- [Stored entries]:
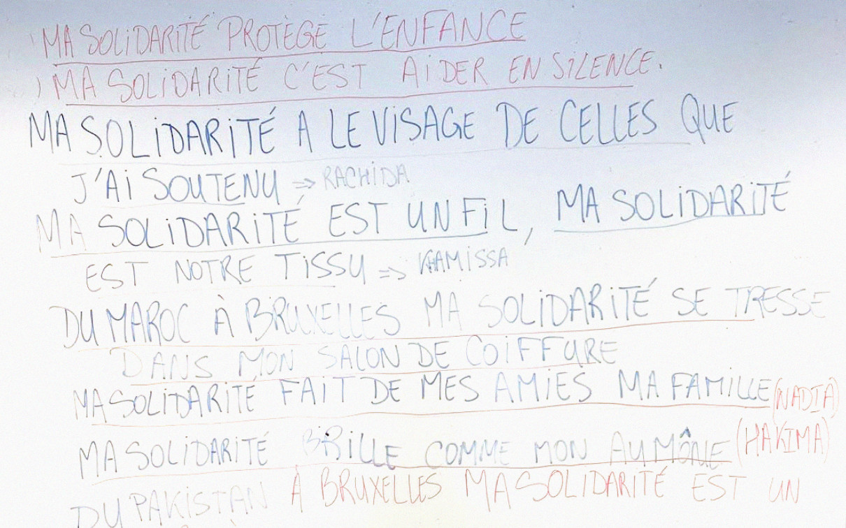 En septembre et octobre 2024, le projet “Chants de lutte” a donné lieu à 7 ateliers animés par l’auteur et animateur Marwane Lakhal, dans des classes de Français Langue Étrangère de la Maison des femmes de Molenbeek - Move ASBL et du Centre Tefo à Bruxelles.
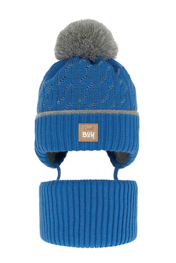 Komplet zimní chlapecký: čepice a tunel modrý s bambulí Pikolo
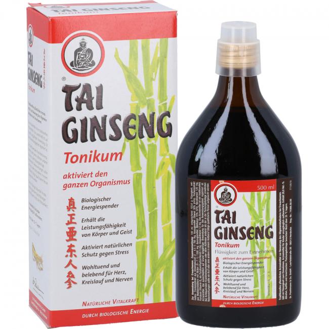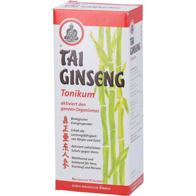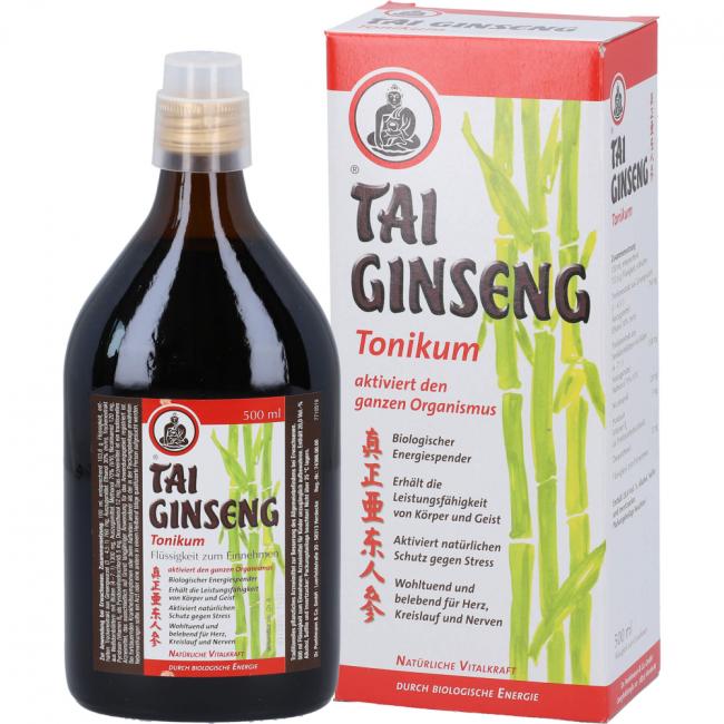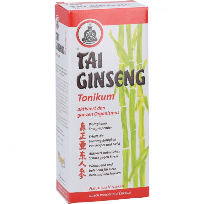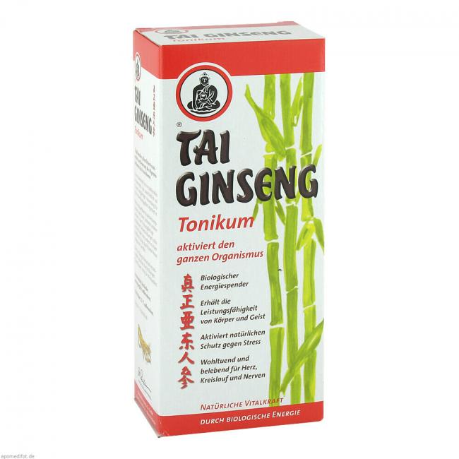 Tai Ginseng Tonikum, Flüssigkeit zum Einnehmen. Wirkstoffe: Ginsengwurzel- und Weißdornblätter-mit-Blüten-Trockenextrakt, Nicotinamid, Pyridoxin, Dexpanthenol. Anwendungsgebiete: zur Besserung des Allgemeinbefindens bei Erwachsenen. Warnhinweis: Enthält 20 Vol.-% Alkohol!
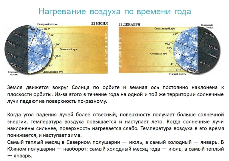 На протяжении суток температура сильно колеблется, соответственно нагревание и охлаждение воздуха находятся в зависимости от угла падения солнечных лучей. Угол 90, предполагает значительное количество тепла, прибывающее на землю. Объясняется все это осевым вращением планеты. Вспомнить о нем можно в курсе 5 класса урок 3 «Земля во Вселенной».
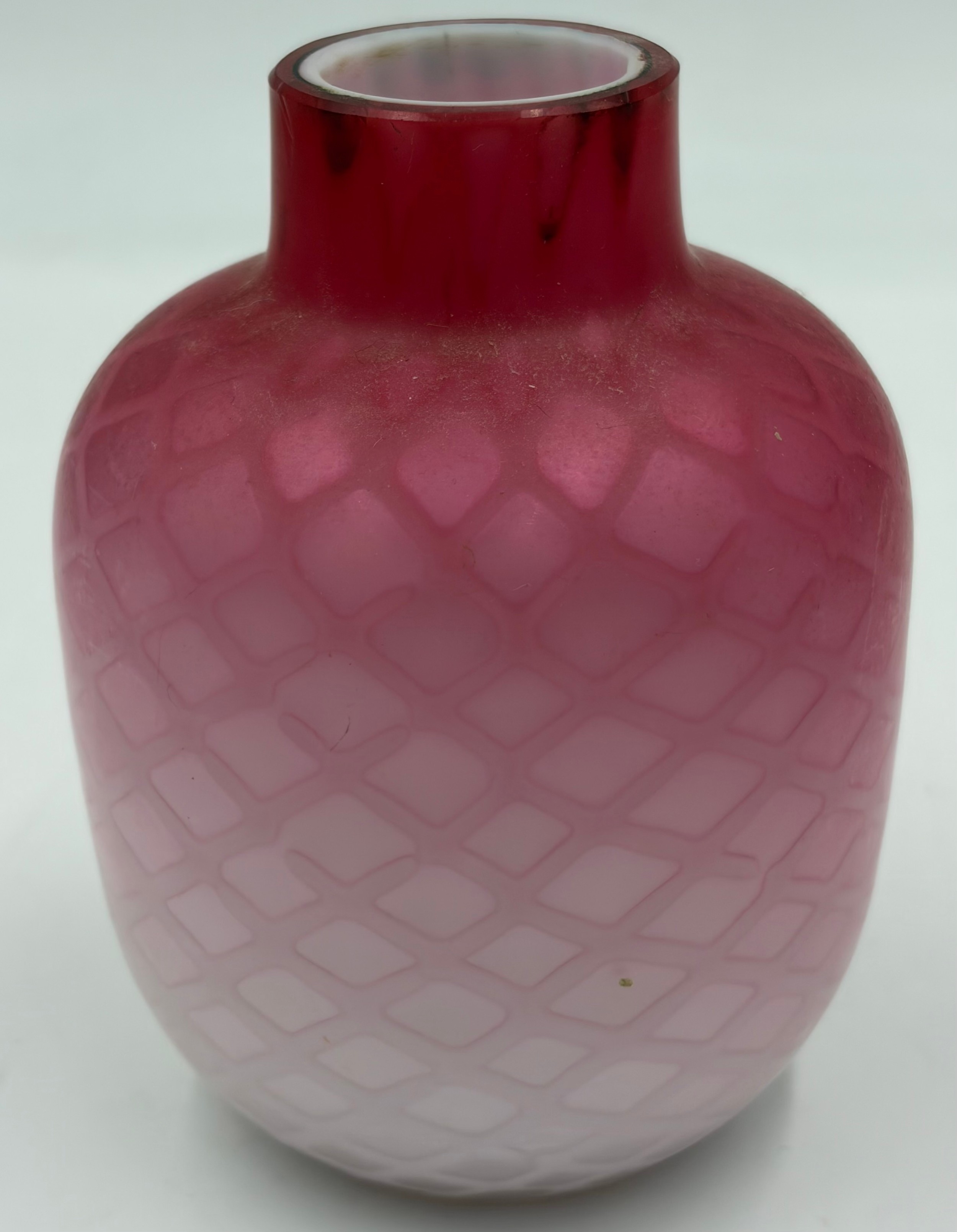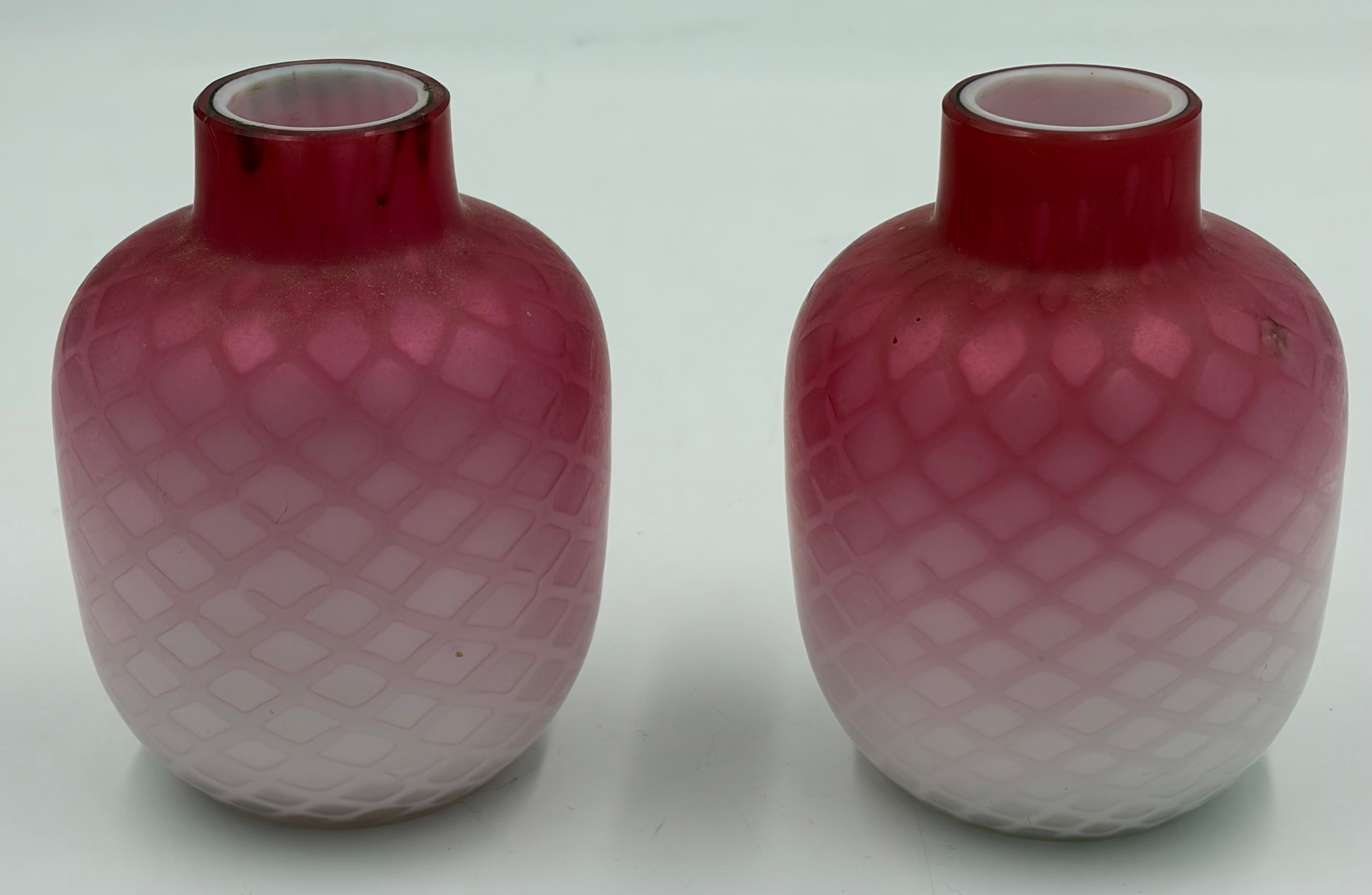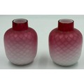 A pair of 19thC satin glass, mother of pearl vases possibly Thomas Webb & Sons.
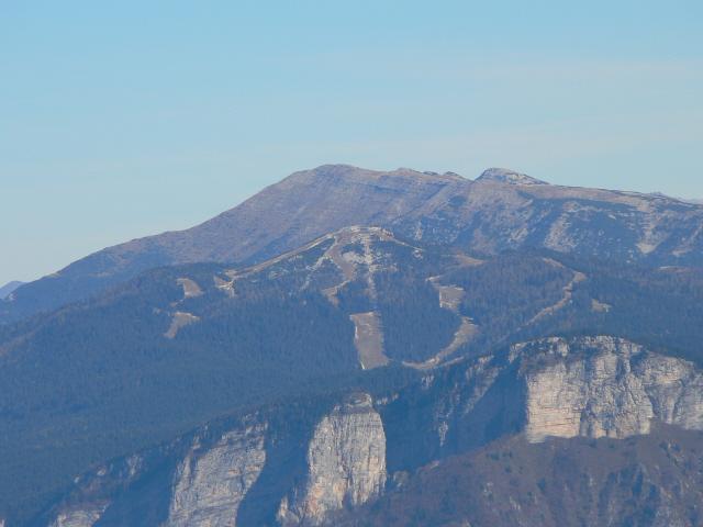 Il Monte e il forte Verena. Nel costone più sotto e a destra con un po' di occhio si nota anche Cima Campolongo e il suo omonimo forte.
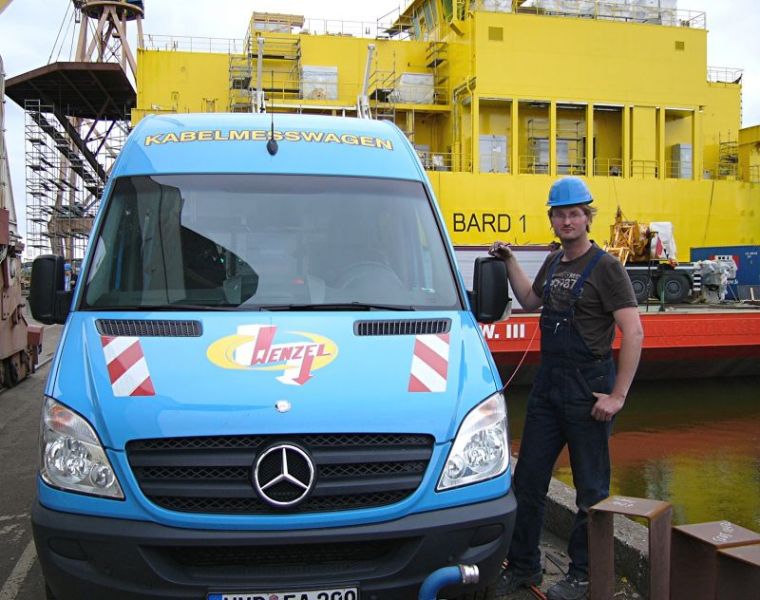 Eine große Herausforderung für das Personal und die Messwagentechnik waren Kabelprüfungen und die Kabelmontage in Klaipeda (Litauen). Wir hatten dort einen siebenwöchigen Einsatz auf der Offshore Umspannplattform BARD 1. Unser Auftrag war, die 30kV Kabelmontage mit anschließender Kabelprüfung durchzuführen.
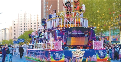 另一邊,劉師傅又將新乘客送到了城北區(qū)西海路的豹街。與大新街夜市等老牌夜市街區(qū)不同,豹街是西寧市近年來重點打造的新潮夜市街區(qū)。今年上半年,城北區(qū)圍繞“雪豹”主題IP,在豹街新增10處雪豹紅綠燈、63處雪豹元素噴繪地畫,還在3處樓梯設(shè)置投影,打造沉浸式光影秀。雪域精靈的相關(guān)元素,融進了豹街的街頭巷尾?;ㄜ囇灿位顒由?,雪豹人偶向路邊的游客揮手致意,花車側(cè)面繪有察爾汗鹽湖的全景圖,更有蒙古族“好漢三藝”、現(xiàn)代舞《西寧北》等節(jié)目熱鬧上演。

- [Your goal]: Only the lines from the one containing "Il Monte e il" through the final line of the records should be retyped, exactly, with every picture omitted.

- [The completed task]:
 Il Monte e il forte Verena. Nel costone più sotto e a destra con un po' di occhio si nota anche Cima Campolongo e il suo omonimo forte.
 Eine große Herausforderung für das Personal und die Messwagentechnik waren Kabelprüfungen und die Kabelmontage in Klaipeda (Litauen). Wir hatten dort einen siebenwöchigen Einsatz auf der Offshore Umspannplattform BARD 1. Unser Auftrag war, die 30kV Kabelmontage mit anschließender Kabelprüfung durchzuführen.
 另一邊,劉師傅又將新乘客送到了城北區(qū)西海路的豹街。與大新街夜市等老牌夜市街區(qū)不同,豹街是西寧市近年來重點打造的新潮夜市街區(qū)。今年上半年,城北區(qū)圍繞“雪豹”主題IP,在豹街新增10處雪豹紅綠燈、63處雪豹元素噴繪地畫,還在3處樓梯設(shè)置投影,打造沉浸式光影秀。雪域精靈的相關(guān)元素,融進了豹街的街頭巷尾?;ㄜ囇灿位顒由?,雪豹人偶向路邊的游客揮手致意,花車側(cè)面繪有察爾汗鹽湖的全景圖,更有蒙古族“好漢三藝”、現(xiàn)代舞《西寧北》等節(jié)目熱鬧上演。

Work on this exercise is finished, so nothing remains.